If the new R came out in a 6 spd i would have traded my car in for it also it was a big disappointment to me and im sure a lot of other enthusiest. There should be a option of either a DSG or 6 spd 
Sorry im kind of all over the place with this and im sure VWoA isnt listening but oh well just a opinion







http://****************.com/smile/emthup.gif







http://****************.com/smile/emgift.gif


----------



## VLKWGN (Jul 11, 2006)

*Re: Volkswagen Scirocco Studie R (VLKWGN)*

and why cant i say bull sht but i can say ass


----------



## gti dreamn (May 18, 2002)

*Re: Volkswagen Scirocco Studie R (VwguyGTI)*


_Quote, originally posted by *VwguyGTI* »_Looks really good... I as well would be all over it if they made it with awd

why does every "uber" car VW makes/displays have to have AWD (







)
The new 370Z doesn't have AWD, neither does the S2000, Miata, and they seem to do just fine. Granted that is a RWD -> FWD comparison, but AWD is not the end all, be all to making a great car. I guess I could include the Mini Cooper S too.
Yes, I will agree that AWD does provide an advantage to better handling and road grip, but it isn't the only thing that makes a great car great.
Putting a good suspension on the Scirocco with the LSD, would be just as affective as having an AWD set up, yet it would keep weight down leading to other benefits.
VW has put themselves in a pickle with this car. It is supposed to be better than a GTI, but not as good as the R32, and not steal sales from either...but as we can see, that won't be the case.
It seems that VW wants their cake and eat it too, along with some pie.
I guess it is time for hte R36 and forget how it will affect Audi sales.
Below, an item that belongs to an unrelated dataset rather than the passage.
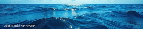 © Phennapha, Fototapeta premium Deep ocean surface with dark blue waves gently rolling in the distance , blue, waves, ocean

In any case, it seems that VWs are getting more and more expensive and I know for a fact, *that is not what the people want.*




_Modified by gti dreamn at 11:46 AM 12-14-2008_


----------



## vr6gtispeed (Apr 3, 2003)

*Re: Volkswagen Scirocco Studie R (VLKWGN)*

If the Scirocco is in the low to mid $30s, there are a few cars it has to compete with. The new 370Z, G37, 135i, STi, EVO, Audi A3 V6 AWD, Audi TT, Saturn Sky Red Line, Honda S2000, RX-8. All these car are in the $30k to $40k range based on Motor Trend's web site. I hope the Scirocco can hold up to these cars when/if it gets here.


----------



## macosxuser (Jul 26, 2007)

*Re: (Teedubya)*

No AWD would be a deal killer for me at that price. I'd rather go with an A3 2.0T 6 speed. DSG is OK, but I prefer 6 speed.


----------



## patricio (Nov 17, 2004)

I think the new scirocco is a beauty. I had fwd car with 200hp at the wheels and it really is a pain. One of the things that pisses me of is tire wear. With all the power tires wear out very fast...faster if it is a fwd because they loose traction alot more the that other two. However, that being said, there are a lot of race configured fwd cars that do pretty good. Look at the BBTC Seat Leon´s , they do pretty good. also look at the new Focus RS with 300hp and a LSD. That being said, VW IMO is ¨thinking¨and producing a car with sensible performance capable of holding on on the tracks (at its limits) with other awd, rwd, and fwd car with similar or much more powerfull. Hey 1 or 3 seconds in a 1 or 2 min course is not much. Most people like cars for their looks. I love performance, especially when this performance is not lost by wheel spin. But most people prefer that awsome mid range (2000-5000rpms) for overtaking. This is what these car do the best. Plus you have the added looks. Hopefully this E-LSD will reduce the some of the traction issues with the fwd car, this will for sure bring back the balance towards the positive side on the HP/Torque vs Traction debate. If VAG came out with a 240hp CUPRA and Golf GTI 240 with out the LSD why not a 265 Scirocco with the E-LSD? It is probably worth it....
That being said if it were AWD I would take it anytime. In my city it raing 3/4 of the year plus it in the mountains with very steep roads...AWD is all here. In a semi dry area, fwd will do just fine....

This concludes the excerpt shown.